For those who don’t already know, this prison took 4 years to build, and its construction began in 1891. Overseen by the British colonial government, convicts were enlisted to build the prison on what was once a Chinese burial ground.

Events that took place in the building further added to the jail’s dark history, including a cholera outbreak that killed hundreds of inmates and the execution of criminals by jarring ways, such as hanging, inside the building.

Abandoned Pudu Jail photos
Entrance of Pudu Prison 
Image credit: Amri Daud

This is why Daud cites what the inmates left behind in graffiti art on the walls as one of the most interesting parts of exploring the abandoned jail. He listed some of the ones that he saw and photographed, including haunting ones of “Help Me” and “My mind is going insane in the jail”.

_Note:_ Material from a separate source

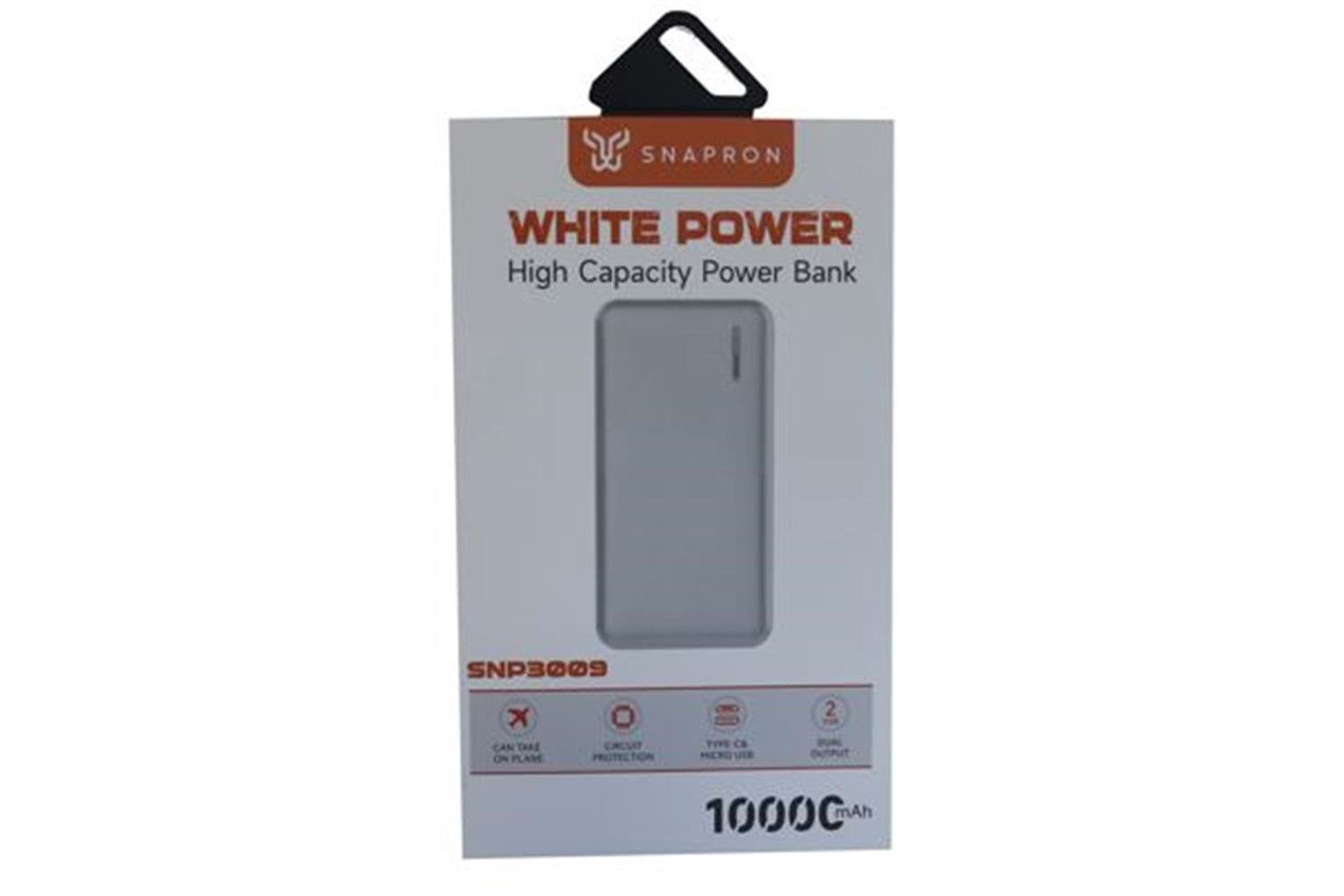 SnapMax SNP-3009 Beyaz 10.000 mah Powerbank 2x USB Çıkışlı 1 Type-C ve 1 Micro Girişli

There were also some longer poem-like graffiti, and scribbling of calendars, along with pin-up posters of women. 

Abandoned Pudu Jail photos - graffiti
Image credit:
Amri Daud

If not for the dark history of this place, the overgrown leaves and trees covering the floors and walls of the abandoned prison spaces wouldn’t have looked out of place in a Studio Ghibli film.

Abandoned Pudu Jail photos
Image credit:
Amri Daud


Netizens praise his skills and photographs


As many of us have only driven past Pudu Prison or heard stories of it, Daud’s photographs of the now-demolished prison generated much discussion online among netizens. Some of them were low-key creeped out by the chilling sights, including Facebook user Hafizun Binti Othman, who commented in Malay, “Looking at the picture and condition of this place leaves me scared.”

Abandoned Pudu Jail photos - comment
Image credit: Hafizun Binti Othman

There were also many others who were impressed by Daud’s photography skills and thankful that his photographs have “preserved” the prison, and a piece of Malaysia’s history. Netizen Marzuki Abdullah commented, also in Malay, “Your photography is great. Preserve this treasure for the future generation.”

Abandoned Pudu Jail photos - comment
Image credit: Marzuki Abdullah

The spine-chilling photos also evoked memories for sone. Aliff Ihsan Rahman shared, “During my school days, they discussed the importance of this building as a national heritage site and its value for tourism and education. I went there myself when I was younger, and when it was opened as an exhibition in 1997-8. The visit left a mark on me. When I went into the cell, I made sure I wouldn’t become a bad guy when I grew up.”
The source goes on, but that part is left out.